The name Skenderija, which means "Skender's place", comes from the famous Bosnian bey Sandžak-beg Skender-paša, who build the first trading-centre with 11 shops and the first Muslim monastery of Bosnia from 1499. Soon the Skenderija was a well known and widely used centre for several cultural events of the former Yugoslavia. One part of the Skenderija is a youth club called "Dom mladih" (The Youth House). Before the Bosnian War of the 1990s, this was one of the modernist and most western styled clubs of Yugoslavia.
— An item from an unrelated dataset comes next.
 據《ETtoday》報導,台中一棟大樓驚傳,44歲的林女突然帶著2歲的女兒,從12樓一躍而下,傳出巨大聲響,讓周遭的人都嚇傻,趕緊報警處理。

It was a very popular place among young people, and big stars of Balkan pop-music, such as Dino Merlin, had started their careers here. Also a biggest mall at the former country was is included in the centre, called "Privredni grad".
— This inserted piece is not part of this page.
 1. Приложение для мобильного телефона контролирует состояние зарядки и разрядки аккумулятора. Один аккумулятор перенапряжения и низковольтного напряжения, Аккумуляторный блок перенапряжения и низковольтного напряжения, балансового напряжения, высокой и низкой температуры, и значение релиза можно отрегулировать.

In 1977, when Sarajevo won the bid process to host the 1984 Winter Olympics.The local Organizing Committee chose the center to be the auxiliary venue, but the venues was outdated and they started to reconstruct and expand the Skenderija turning the complex a real state-of-the-art sporting complex. It was also chosen as media center and awarding ceremonies venue.

In 1992, when the war in Bosnia and Herzegovina started, the Skenderija was set under shell-fire. The main structure of the building survived without major damage, but the youth-centre was burned out and made unusable.
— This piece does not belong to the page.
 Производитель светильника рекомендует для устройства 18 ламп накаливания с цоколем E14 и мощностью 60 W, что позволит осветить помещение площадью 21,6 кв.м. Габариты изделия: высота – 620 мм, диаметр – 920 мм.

After the war, there was no need for the centre and it slowly went into disrepair. But in 1999, the city-government of Sarajevo wished to have an exhibition-hall to build up a new economy and trade in Bosnia and Herzegovina. So they rebuilt the Skenderija slowly between 2000–06. It was financed by many private companies, so it is under the ownership of these private bodies. However it now has all of the old functions restored and is back in service today. It is estimated to have over 500,000 visitors each year.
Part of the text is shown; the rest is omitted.